→ **What you need to do**
Using "Mill" as the search string, find the matching lines below and copy them.

━━━ Material for this task

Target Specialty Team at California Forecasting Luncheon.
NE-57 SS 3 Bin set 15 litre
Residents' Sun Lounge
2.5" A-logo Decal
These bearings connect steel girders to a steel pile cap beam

━━━━━━
━━━ Material for this task

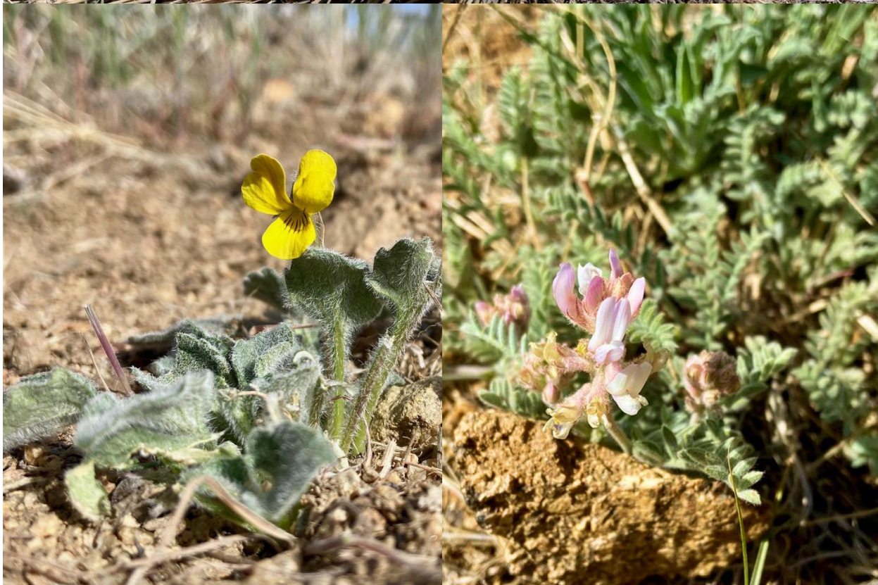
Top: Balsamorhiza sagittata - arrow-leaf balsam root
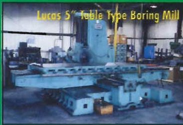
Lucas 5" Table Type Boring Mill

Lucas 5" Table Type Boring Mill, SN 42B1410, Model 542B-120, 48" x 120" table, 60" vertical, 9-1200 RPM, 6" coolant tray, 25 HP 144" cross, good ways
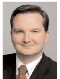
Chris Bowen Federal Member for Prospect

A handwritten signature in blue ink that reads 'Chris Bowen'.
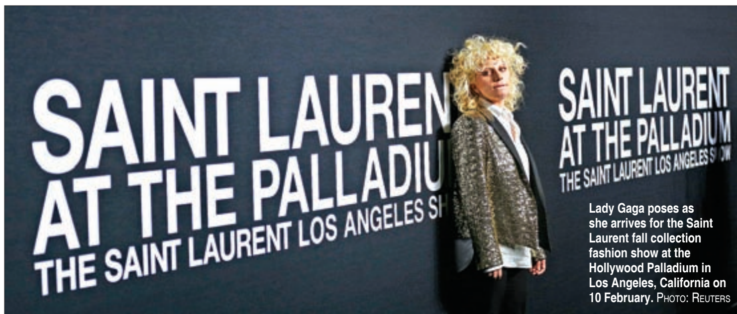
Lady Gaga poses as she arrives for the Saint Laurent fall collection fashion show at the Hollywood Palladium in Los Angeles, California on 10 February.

━━━━━━
━━━ Material for this task

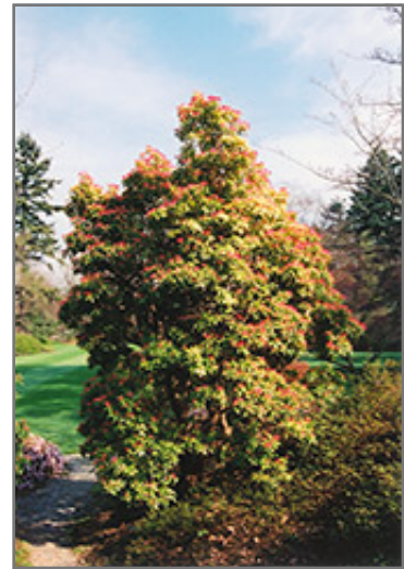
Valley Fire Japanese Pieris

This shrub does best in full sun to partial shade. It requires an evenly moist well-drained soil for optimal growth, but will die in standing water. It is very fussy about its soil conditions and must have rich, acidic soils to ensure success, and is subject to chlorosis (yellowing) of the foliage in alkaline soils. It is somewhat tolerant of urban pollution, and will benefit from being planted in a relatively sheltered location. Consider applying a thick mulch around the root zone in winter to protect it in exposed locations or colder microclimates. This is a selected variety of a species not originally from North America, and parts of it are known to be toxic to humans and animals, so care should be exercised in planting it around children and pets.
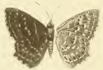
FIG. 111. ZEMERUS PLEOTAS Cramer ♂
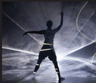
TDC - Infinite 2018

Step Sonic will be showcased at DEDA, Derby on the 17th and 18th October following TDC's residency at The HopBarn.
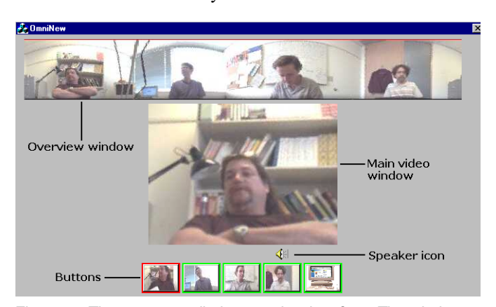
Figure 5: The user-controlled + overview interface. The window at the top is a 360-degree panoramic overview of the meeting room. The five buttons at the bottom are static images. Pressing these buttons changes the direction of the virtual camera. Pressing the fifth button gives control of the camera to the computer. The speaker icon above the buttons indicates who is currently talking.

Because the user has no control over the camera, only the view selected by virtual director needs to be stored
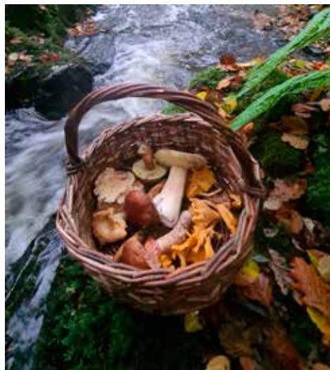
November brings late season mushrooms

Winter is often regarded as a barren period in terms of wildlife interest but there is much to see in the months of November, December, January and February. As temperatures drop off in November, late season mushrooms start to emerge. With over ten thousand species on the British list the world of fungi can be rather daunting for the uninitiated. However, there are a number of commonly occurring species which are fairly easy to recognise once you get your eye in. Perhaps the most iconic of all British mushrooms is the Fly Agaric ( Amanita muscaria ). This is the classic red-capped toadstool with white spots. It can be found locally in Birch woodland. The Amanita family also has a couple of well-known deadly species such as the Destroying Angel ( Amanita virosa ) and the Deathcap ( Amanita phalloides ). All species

━━━━━━

→ **Written response**
Lucas 5" Table Type Boring Mill
Lucas 5" Table Type Boring Mill, SN 42B1410, Model 542B-120, 48" x 120" table, 60" vertical, 9-1200 RPM, 6" coolant tray, 25 HP 144" cross, good ways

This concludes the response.